A court order against a man who started blackmailing Sydney’s Star Casino after it rejected his job application has been granted.

In court records, the man—who goes by “AB” only—applied for a job at the Star in January. However, he was not successful since he had not disclosed his extensive criminal history, according to a regular police check. Among these were convictions for various driving offenses, car theft, disobedience of domestic violence orders, and dishonesty.

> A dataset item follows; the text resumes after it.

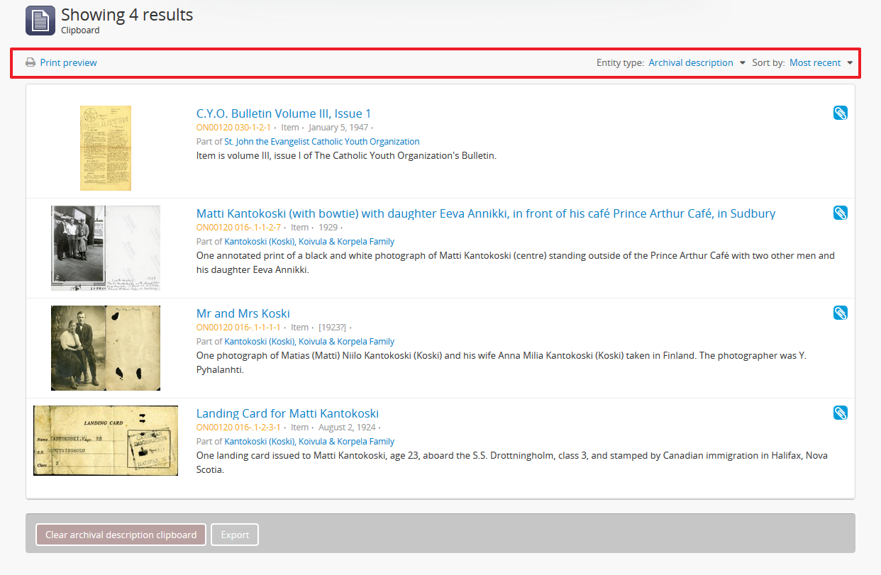 Your previously saved results will load. Note that if you have saved entries from different entity types, they will all be present, though they may not be immediately visible - AtoM shows only one entity type at a time, and by default will show archival description results first. You can switch entity types using the drop-down menu found at the top right above the clipboard results.

A week after being rejected for the position, on April 7, AB sent an email to Star’s HR department requesting that his ex-girlfriend, a casino manager, be dismissed by 10 a.m. that same day. According to court documents, he threatened to “expose all the customers’ banking and privacy for the public” if the casino did not cooperate. He sent an email with screenshots in it that seemed to show private client data from the internal database of the casino. Because of her position at the casino and her access to the database, AB had surreptitiously obtained the information from a phone belonging to his former companion. After their recent breakup, it seems AB was now pursuing retribution against both the Star and his former partner.

Star sent AB a message a few minutes later alerting him to the potential for “civil and criminal liability.” AB responded, “She has to go, or I will put the information out,” according to court documents. The Star sent AB a summons within 48 hours in an attempt to take immediate legal action. The NSW Supreme Court issued a permanent order this week that forbids AB from disclosing any data.

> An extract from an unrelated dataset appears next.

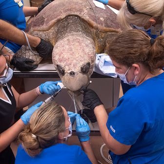 The drama began when a severely injured loggerhead turtle was found near the Port St. Lucie power plant in Florida. Her left front flipper had been recently bitten off in a vicious shark attack. The Florida Fish and Wildlife Conservation Commission rushed her to Zoo Miami’s brand-new Sea Turtle Hospital – in fact, the hospital wasn’t even officially open yet, but they immediately took her in.

Threatening to make the data public was never carried out by AB, and he later seemed to have changed his mind. He sent an apology email to the Star’s lawyers, stating that he couldn’t truly recall making the threat because he was under the influence of drugs and alcohol at the time.

AB said:

“I don’t recall any of this, I’m sorry. I don’t have nothing. To be honest, just was in a different world. I don’t even remember doing or saying this.”

A few weeks later, he sent another email in which he described the “drug-induced depression” that had led to his unusual behavior. He said that he had checked himself into treatment.

He clarified that his ex-girlfriend was unrelated to the incident and urged that she not be punished for his actions. It’s uncertain if AB will be prosecuted for his acts in court.